I have tried to keep the model as simple as possible. It assumes that the growth rate is constant which means an exponential growth in an unexposed population, but because the uninfected population begins to drop as more and more people get infected, the rate of growth drops in proportion.
Population
5300000 from census data
Growth Rate
This is the key term governing the growth rate of infections. Unfortunately it is one of the most difficult because initially the rate of growth in cases can be governed by a growing awareness that CV is present – or even a lack of CV testing kits.
Growth of Cases (S.Korea)
The number of cases in S.Korea, shows many of the typical features present in many growth curves. I interpret them as follows:
A – represents the cases that are “self-reporting” as travellers who may be exposed to CV and become ill ask to be tested.

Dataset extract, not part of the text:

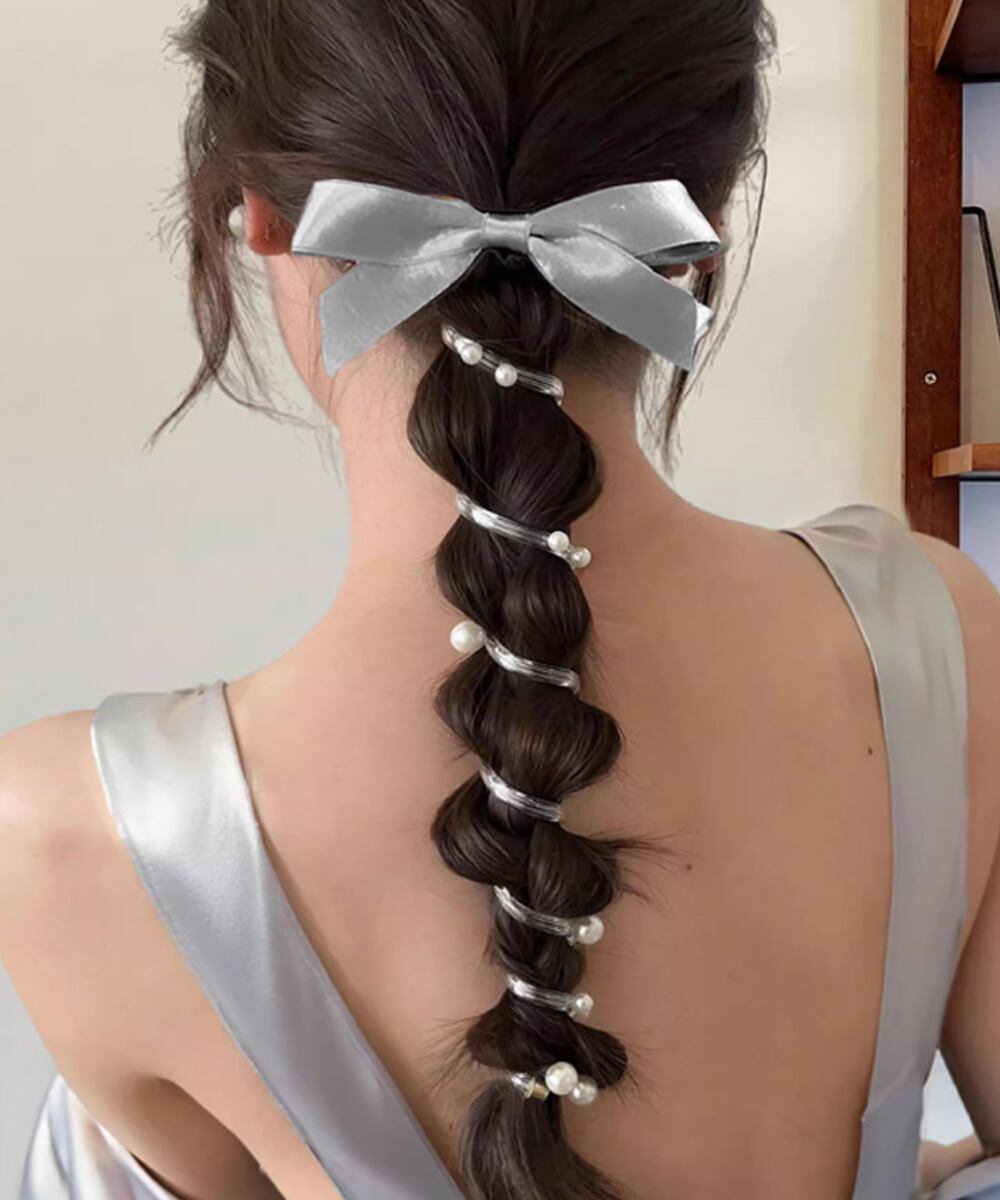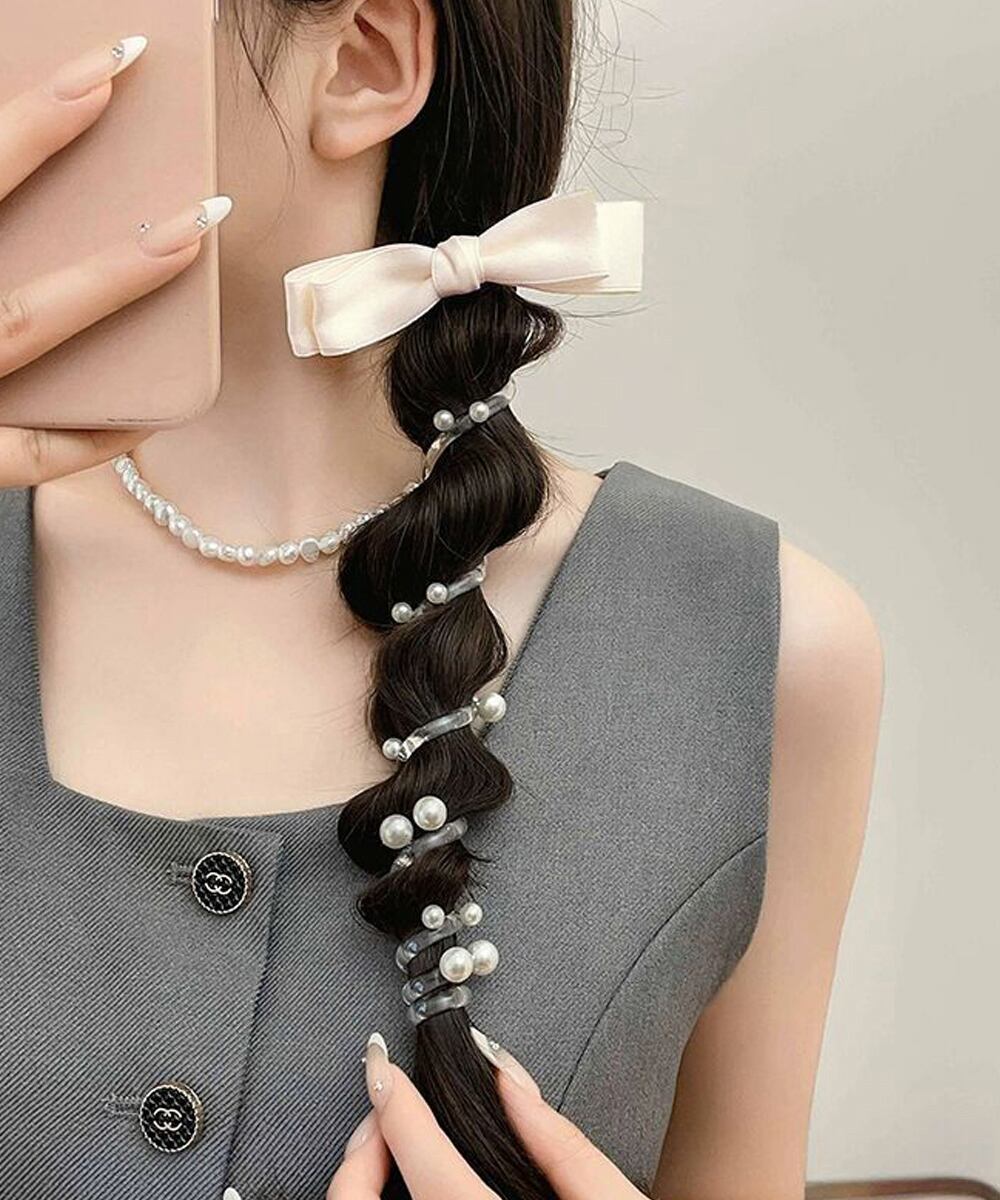 髪にくるくる巻き付けるだけで、ポニーテールや三つ編みをぐっと印象的に演出してくれる。

B – represents a “catch up” phase, where people who previously had not thought their symptoms were due to CV were tested “in a hurry”
C – represents what I believe is a period of “free” growth in cases. In S.Korea this rate was 0.28.
D – this is a lower rate that occurs around a week after very extensive measures are taken to curtail further growth. The rate of growth here is highly dependent on the measures taken. Also it is worth noting that between implementing measures and any response, the number of reported cases will increase approximately 10x.
Looking at current rates, the UK is 0.3. Before measures took effect S.Korea had a rate of 0.27, Italy 0.27, France 0.34, US 0.35, Spain 0.37, Germany 0.3. The main outlier is Iran at 4.5 but the data from Iran is poor quality.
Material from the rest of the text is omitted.